Oh god I’m a nerd

It is Friday night, and I am sitting at my computer, listening to the first concert of Pearl Jam’s new tour, featuring the first live performances of half a dozen tracks from Dark Matter, and interpreting data from charts and spreadsheets.

In other words, this is very close to the perfect evening, and at 47 I may as well accept what I am because it’s not changing.

I am a rock star, ladies and gentlemen. We took the final NWEA of the year on Wednesday and Thursday, and … goddamn. I was elated by last year’s scores. I am fucking ecstatic with these.

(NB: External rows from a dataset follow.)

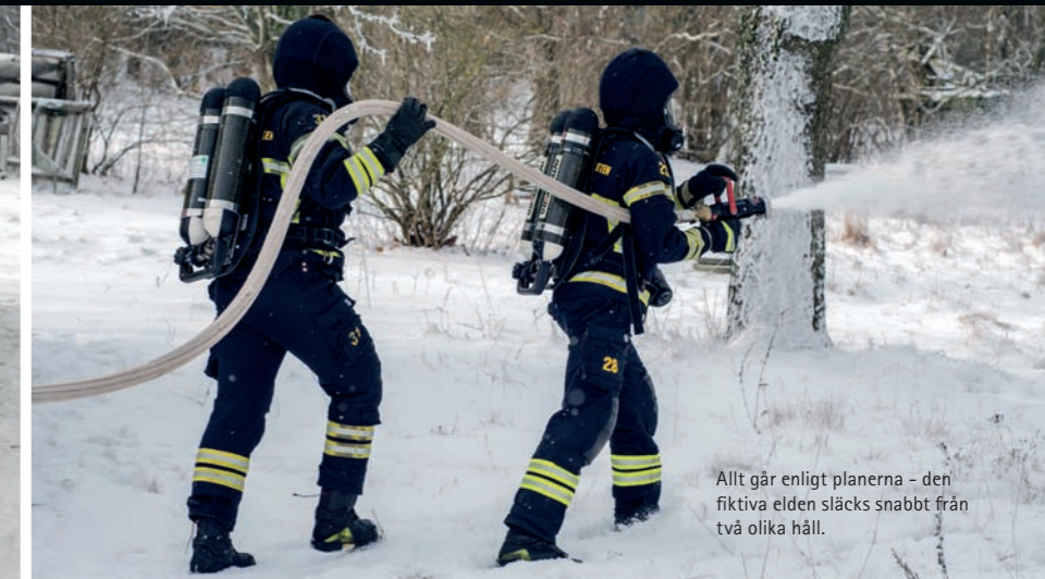
Allt går enligt planerna - den fiktiva elden släcks snabbt från två olika håll.
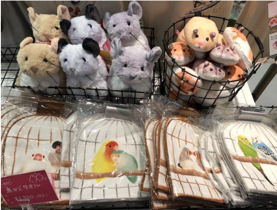
SNSで話題になった「抱っこ牡蠣」「カワウソポーチ」も。
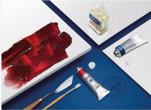
Creating with Lefranc

Pensa che la pittura sia sempre un linguaggio valido per rappresentare emozioni e opinioni? «Dipingere prima di tutto significa mescolarsi: miscela, evoluzione costante della tavolozza dei colori. Abbiamo anche sviluppato la più ampia gamma di medium (additivi) e vernici per giocare con opacità, trasparenza, impasto o fluidità e dipingere su tela, su carta, su legno o su pareti. Questo significa che la pittura apre un campo di espressione illimitato alle persone. È quindi l'unico in grado di rappresentare emozioni e opinioni e creare incredibili relazioni artistiche con il pubblico.»
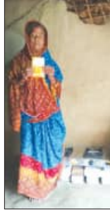
୮ ବର୍ଷର ସଂଗ୍ରାମ, ଦିନକରେ ସମାଧାନ

ଆଧାର କାର୍ଡ ଧରି ଜନସେବା କେନ୍ଦ୍ର ଯାଇ ଯାଞ୍ଚ କରିବା ବେଳେ ତାଙ୍କ ନାମରେ ୨୦୧୮ରୁ ଉତ୍ପାଦନା ଗ୍ୟାସ ହତୁପ ଘଟଣା ଖବର ପ୍ରକାଶ ପରେ ମିଳିଲା ସଂଯୋଗ। ଖବର ପ୍ରକାଶ ପରେ ମିଳିଲା ସଂଯୋଗ।
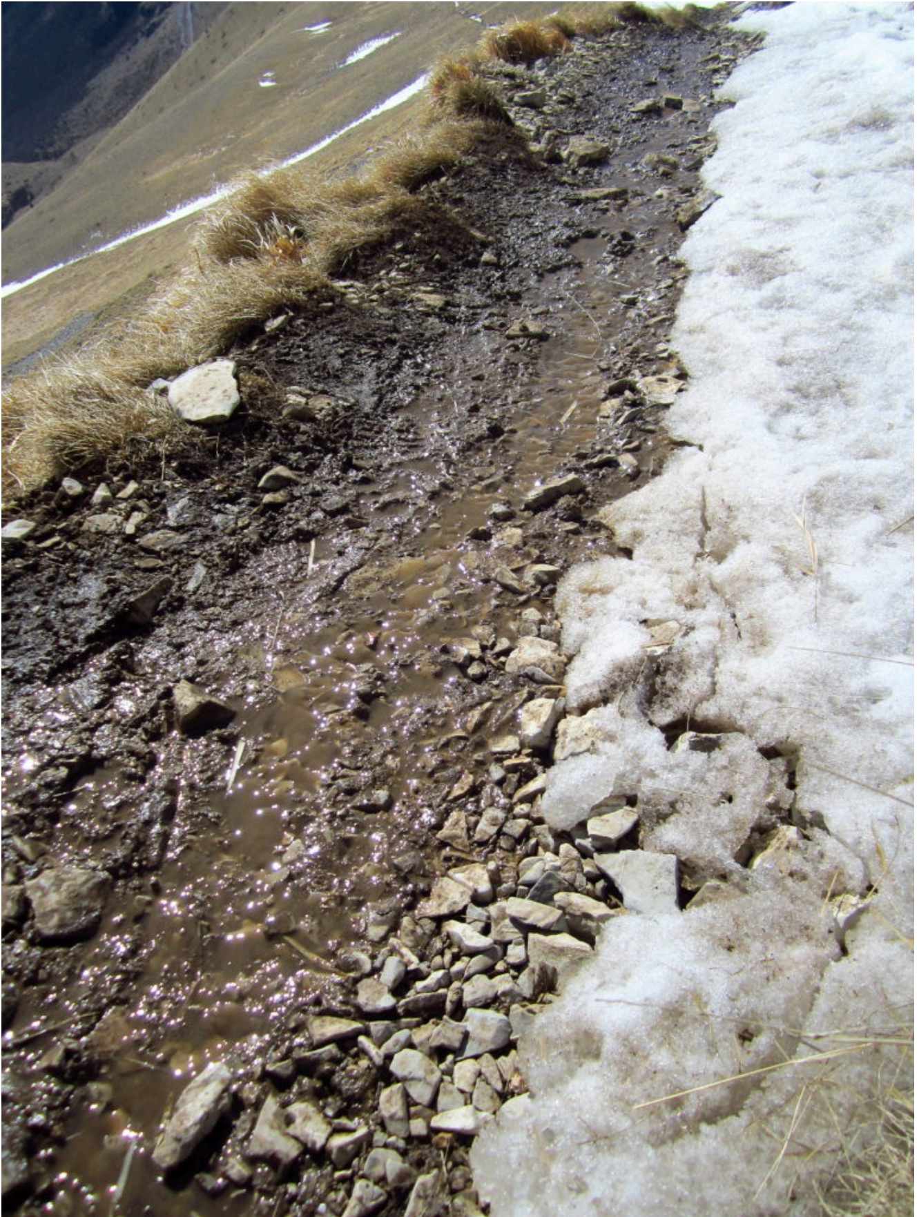
18- L'alta temperatura, 8°C, ed il vento hanno trasformato il sentiero in un ruscello sciogliendo la poca neve laterale e aumentando l'erosione. eppure non ci vorrebbe molto a fare qualche solco di scolo laterale.
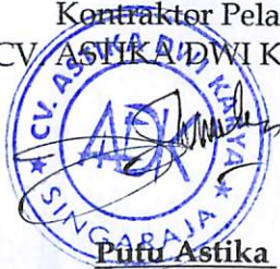
Pufu Astika Direktur

PIHAK KEDUA Kontraktor Pelaksana CV. ASTIKA DWI KARYA
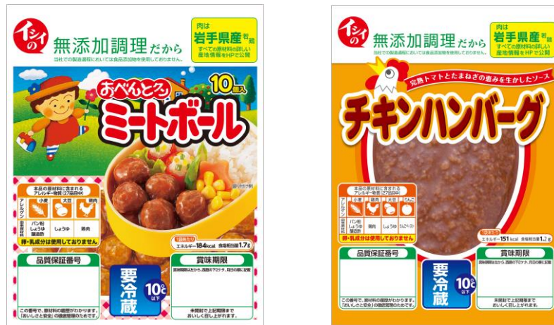
(LIMEX 製への切り替えを目指す対象商品一部)

EU がストローやコップなど 10 品目の使い捨てプラスチック製品の使用が禁止する 2021 年を目指して、LIMEX 製パッケージ（軟包材）を開発し、石井食品の主力製品である「おべんとクン ミートボール」をはじめとしたおべんとクンシリーズや「チキンハンバーグ」などのパッケージを LIMEX 製へ切り替えることを目指します。現在主力 2 商品群の売上高は 81 億 7,900 万円であり、約 232 トンの石油由来プラスチックを使用しており、LIMEX 製に切り替えることで、石油由来プラスチックの使用量が大きく削減されます。※石井食品算出
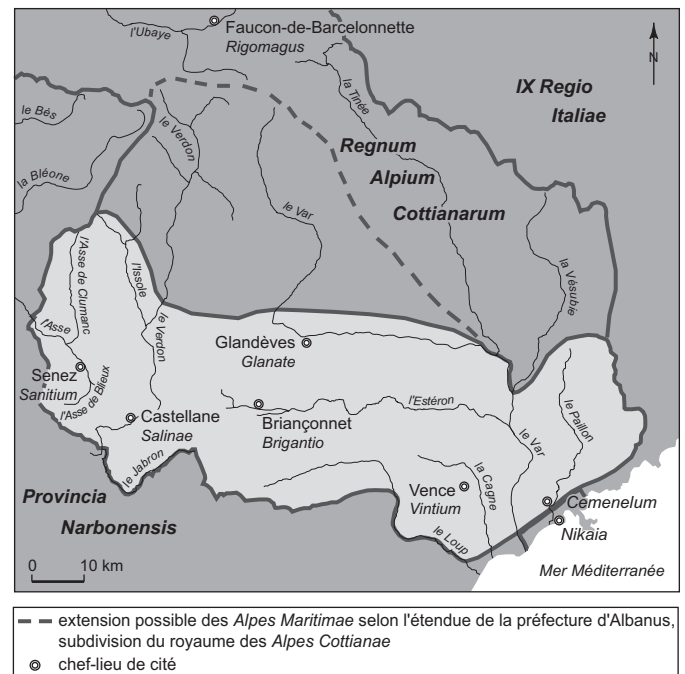
Fig. 1 – Les limites de la préfecture des Alpes Maritimae dans la première moitié du 1 er s. (DAO : S. Morabito).

l'Italie et plus particulièrement celles de la IX e région (sur le fleuve Var, frontière de l'Italie, voir Arnaud, 2000). Le classement par Ptolémée des cités littorales présentes à l'est du Var dans le chapitre consacré à l'Italie va dans ce sens (Ptolémée, Géographie , III, 1, 2). Nous pensons aux territoires compris entre Beaulieu-sur-Mer et la frontière italienne actuelle. Contrôlés en partie par Massalia avant la défaite des Phocéens en 49 face à César (au moins jusqu'à Monoecus /Monaco ?), ces territoires ont été englobés sous Auguste non dans la préfecture des Alpes Maritimes mais dans le municipes d' Albintimilium /Vintimille 28 . A contrario du découpage adopté par T. Mommsen dans le V e volume
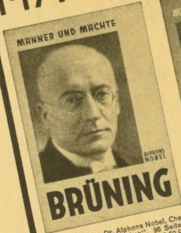
BRÜNING. Von Dr. Alphons Nobel, Chefredakteur des „Deutschen“. 96 Seiten, 23 Fotos. Karton. 1.50 RM, Leinen 2.50 RM

I have never seen results as good as what I got on this year’s spring NWEA before. And the really awesome thing is that I could go a dozen different ways after that sentence and they’d all be just as awesome.

Let’s back up a bit. The NWEA is administered three times a year and eats up a grand total of about twelve hours of instructional time over the course of the school year. It is primarily a growth test, with no concept of success or failure– the scores are indexed against grade levels, but you can’t fail the NWEA; you only show high achievement or low achievement compared to your grade cohort and high growth or low growth compared to other people in the score band of your grade cohort.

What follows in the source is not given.